Dort käme es, so die FDP-Fraktion im Landtag, „immer wieder zu Verwerfungen und Unregelmäßigkeiten bei der Anwendung des Nebentätigkeitsrechts“. Die DHBW wiederum hat allerdings mitgeteilt, dass alle Vorwürfe hochschulintern geprüft und aufgearbeitet werden und dass das Wissenschaftsministerium regelmäßig über die Fortschritte und Ergebnisse der Prüfung informiert wird.

Der Rechnungshof hat einzelne Details von Nebentätigkeiten durchleuchtet und verschiedene Verfahrensfehler festgestellt. „Während bei der Versagung von Nebentätigkeiten die maßgeblichen rechtlichen Gründe und Ermessenserwägungen zumeist umfassend dokumentiert wurden, haben es die Rektorate der Hochschulen häufig versäumt, die maßgeblichen Erwägungen bei der Genehmigung von Nebentätigkeiten in den Akten zu dokumentieren“, schreiben die Prüfer. Sie beklagten, dass dies die Kontrolle der Entscheidungen durch die Aufsicht erschwere. Außerdem werde die Handlungsfähigkeit der Rektorate im Falle des Widerrufs und der Verlängerung der Genehmigungen eingeschränkt.

Inanspruchnahme von Räumlichkeiten war an der Hochschule Ludwigsburg Thema

Schon im Zusammenhang mit der Zulagen-Affäre an der Hochschule für öffentliche Verwaltung und Finanzen in Ludwigsburg war die Inanspruchnahme von Räumlichkeiten Thema. „Will ein Professor bei der Ausübung einer Nebentätigkeit Ressourcen der Hochschule nutzen, etwa Räume, Personal, Geräte“, heißt es in der Denkschrift, „so bedarf dies der vorherigen Erlaubnis durch die Rektorate oder das Wissenschaftsministerium.“

Im Regelfall sei für die Nutzung dieser Ressourcen eine angemessene Vergütung an die Hochschule zu entrichten, was aber „in mehreren Fällen“ nicht geschehen sei. Und weiter: „In einigen Fällen führte dies zu Nachzahlungen in jeweils fünfstelliger Höhe.“

Wissenschaftsministerium will Hochschulen stärker beraten

Besonders heikel sind Nebentätigkeiten an der eigenen Hochschule. Das geltende Recht lässt die nur in wenigen Ausnahmefällen zu. Der Rechnungshof hat beanstandet, dass „vereinzelt“ Professoren, die im Hauptamt nicht ihr volles Deputat erbracht hatten, gleichwohl für Nebentätigkeiten in der Weiterbildung vergütet wurden. Und der Rechnungshof hat beanstandet – das löste auch die Debatte rund um die DHBW aus – , wie Hochschulen ihren Akademischen Mitarbeitern Lehraufträge erteilt haben.
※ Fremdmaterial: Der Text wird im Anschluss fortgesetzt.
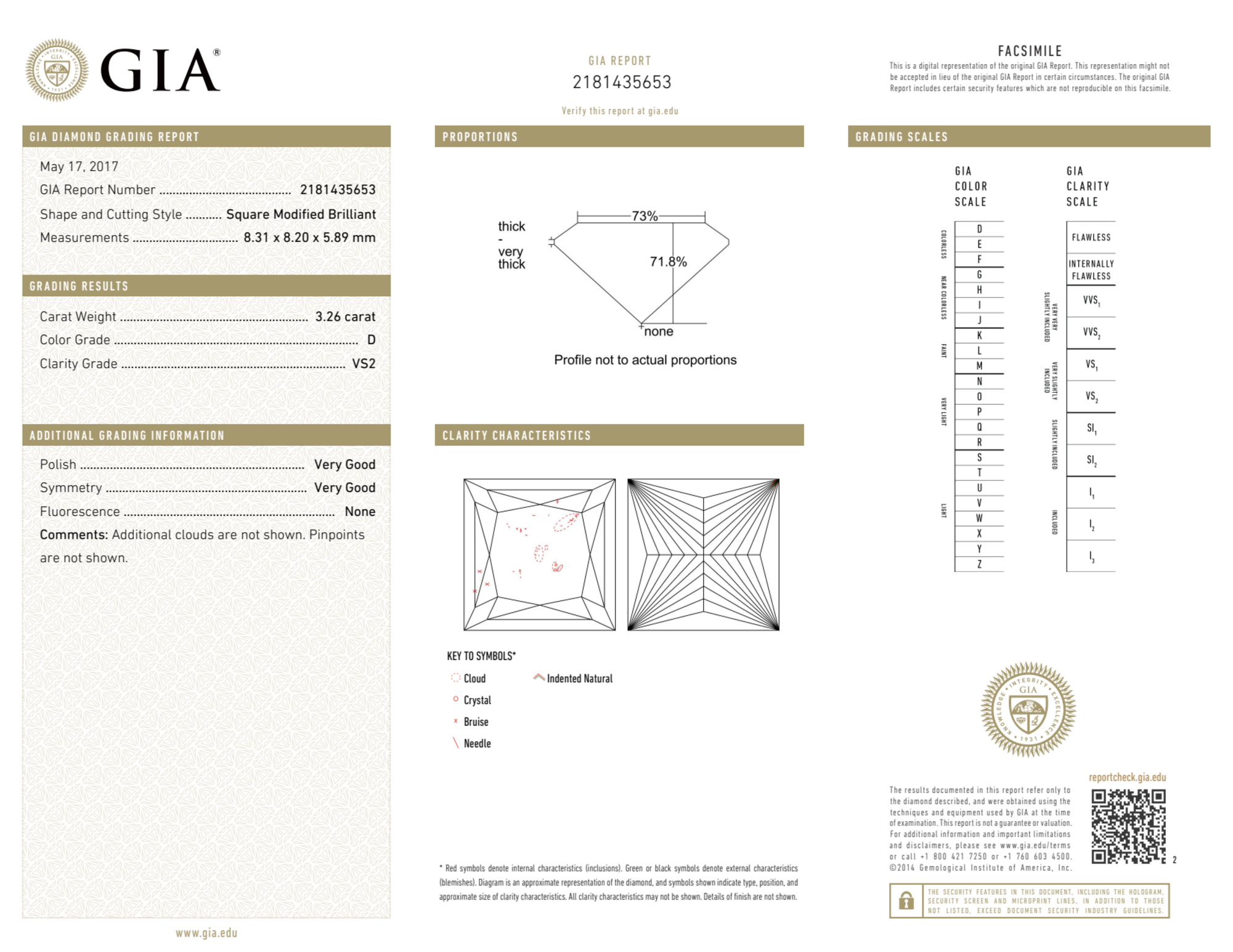 Your 3.26 carat Princess natural diamond is graded D color (Colorless), and you can read more about D color diamonds here.

Einzelheiten wurden ebenfalls noch einmal klargelegt: So sei es etwa nicht zulässig, bei Nebentätigkeiten ohne Einwilligung der Hochschule die Adresse der Hochschule als Firmenanschrift oder amtliche Hochschulembleme zu verwenden, „um der eigenen Nebentätigkeit einen quasi-amtlichen Anstrich zu geben“, so die Prüfer.

Das Wissenschaftsministerium kündigte an, Hochschulen künftig stärker zu beraten und zu unterstützen. Und es stimmt mit dem Bericht des Rechnungshof darin überein, dass die rechtlichen Vorgaben des Beamtenrechts einschließlich des Nebentätigkeitsrechts strikt zu beachten und einzuhalten sind.

Zudem dürfe die Erfüllung dienstlicher Pflichten nicht unter Nebentätigkeiten leiden. Der Wissenschaftsausschuss fordert, jetzt unmissverständlich „durch geeignete Maßnahmen sicherzustellen, dass die Rektoren der Hochschulen bei der Erteilung von Nebentätigkeitsgenehmigungen an Professoren das geltende Recht einhalten“.

Hochschulen schon 2005 zur genauen Prüfung gemahnt
„Vor dem Hintergrund der Prüfungsfeststellungen empfiehlt der Rechnungshof, die Hochschulen und Berufsakademien im Wege der Fachaufsicht anzuhalten, auch bei der Genehmigung von Nebentätigkeiten der Professoren die gesetzlichen Bestimmungen des Nebentätigkeitsrechts vollständig und genau anzuwenden, insbesondere Nebentätigkeiten nur in dem vom Gesetz zugelassenen Umfang zu genehmigen“, schrieben die Prüfer schon 2005.
Es müsse vor allem auch dafür gesorgt werden, bei der Durchführung von Verbundprojekten mit Unternehmen, an denen Professoren finanziell beteiligt sind, Interessenkollisionen zu vermeiden, so die Prüfer.